I will see EVERYTHING!

Gosh darn it, I will have that mirror out while I am delivering the baby! For my first child, I was too terrified to see the blood and the possible vaginal ripping that I was told could happen to have a mirror near me while I was having my baby. I had it out for my second baby, but a nurse was standing in front of it most of the time and I did not try to ask her to move it around. This time I want to see the baby’s head pop out, if I am able. I want to see the hair on his head for the first time. I want to take a good look at the umbilical cord as my husband cuts it. How awesome is it that my body contained this long cord that connected my child and I and delivered him the nutrients that he needed to survive? I will ask the doctor to show me my placenta, I want to take a good look at it, and take a moment to appreciate all that it has done to protect my little guy.
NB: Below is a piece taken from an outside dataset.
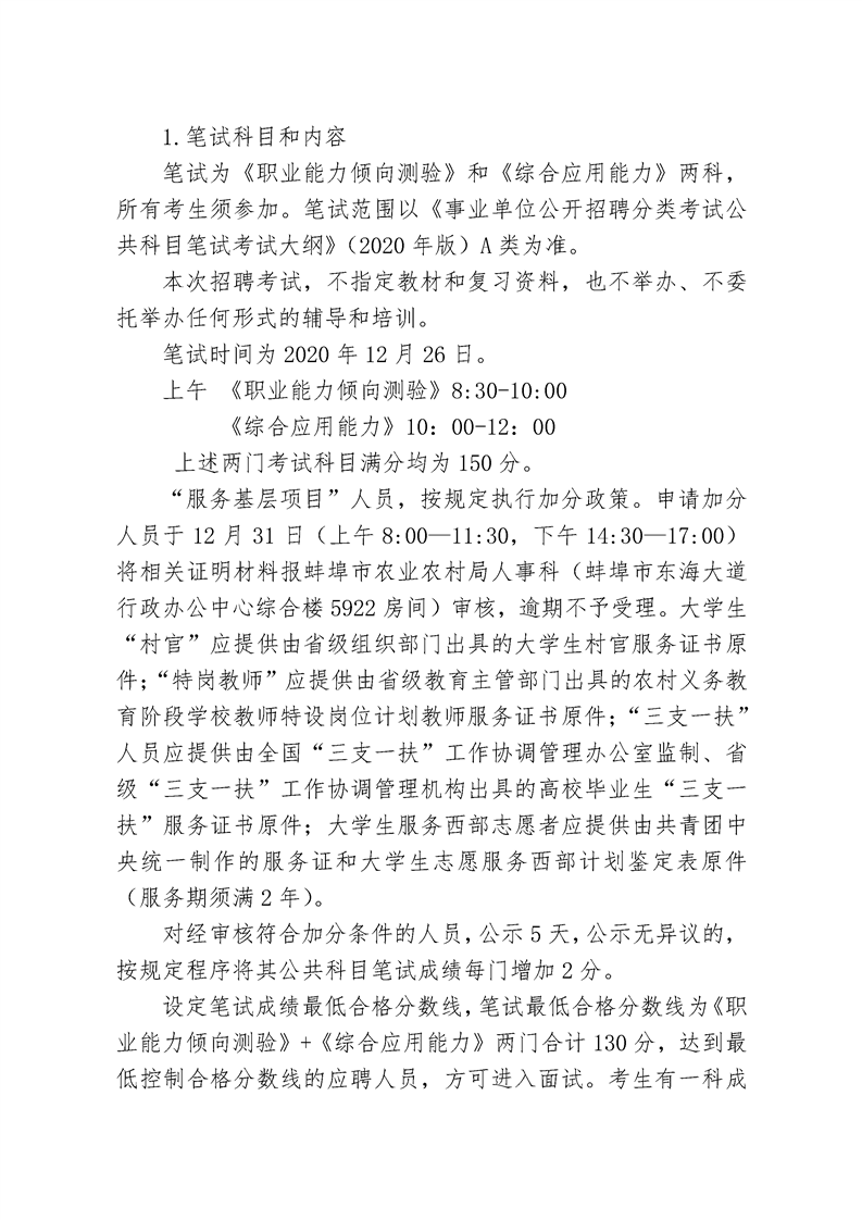 2020-12-01 23:37:34閱讀()蚌埠市人力資源和社會(huì)保障局根據(jù)《事業(yè)單位人事管理?xiàng)l例》(國(guó)務(wù)院令第652號(hào))和中共安徽省委組織部、安徽省人力資源和社會(huì)保障廳《關(guān)于印發(fā)<安徽省事業(yè)單位公開(kāi)招聘人員暫行辦法>的通知》(皖人社發(fā)〔2010〕78號(hào))和中共安徽省委組織部、安徽省人力資源和社會(huì)保障廳《關(guān)于貫徹落實(shí)應(yīng)對(duì)新冠肺炎疫情影響做好事業(yè)單位公開(kāi)招聘高校畢業(yè)生工作有關(guān)事項(xiàng)的通知》(皖人社秘〔2020〕73號(hào))規(guī)定,現(xiàn)就蚌埠市農(nóng)業(yè)農(nóng)村局所屬事業(yè)單位公開(kāi)招聘有關(guān)事項(xiàng)公告如下:

I will take a breastfeeding class.

I have spoken about this before, so I do not want to “kick a dead horse” so to speak, but long story short, knowledge is power. I find it kind of hilarious that I am going to a class before I have my third child, but honestly I still do not know much about breastfeeding and I want to go in this time feeling more knowledgeable about what I am doing. I mostly pumped with my second child and breastfed him maybe once a day.

I will allow more people to stay in my room for the birth.

With my first two children, my thought about childbirth was that: 1) It was just my husband and I that created that child, so it only needed to be my husband and I in the room when the child was born (other than the medical staff). 2) In my everyday life, I like to be a good “host” and so when I am laboring, I feel bad if others have to see me in pain. And 3) I wanted to be fair and since there were a few people that I would never want in my hospital room while I am having the baby, I would be fair and not invite anyone to witness the childbirth.

Here is what I have since realized. It was just my husband and I that brought each of our children into the world, but life would be so much harder without the support that we receive from our family, friends, and my “village.” Not only do they make life easier, but they make it richer for both myself and my children. It really does take a village to raise a child and I would not have it any other way. Most people should know what to expect during labor – lots of pain on the mom’s part. If people are okay with hearing me writhing in pain, I’m not going to hold back and they are welcome to stay in the room. As I mentioned above, family and friend support is everything to me. Since locally I only have in-laws and friends that I’ve had since I moved here at 24, those relationships are even more precious to me. Sometimes, I have to take the chance and let people in and not worry. Childbirth is a beautiful thing and this time, I plan on recognizing that every second along the way.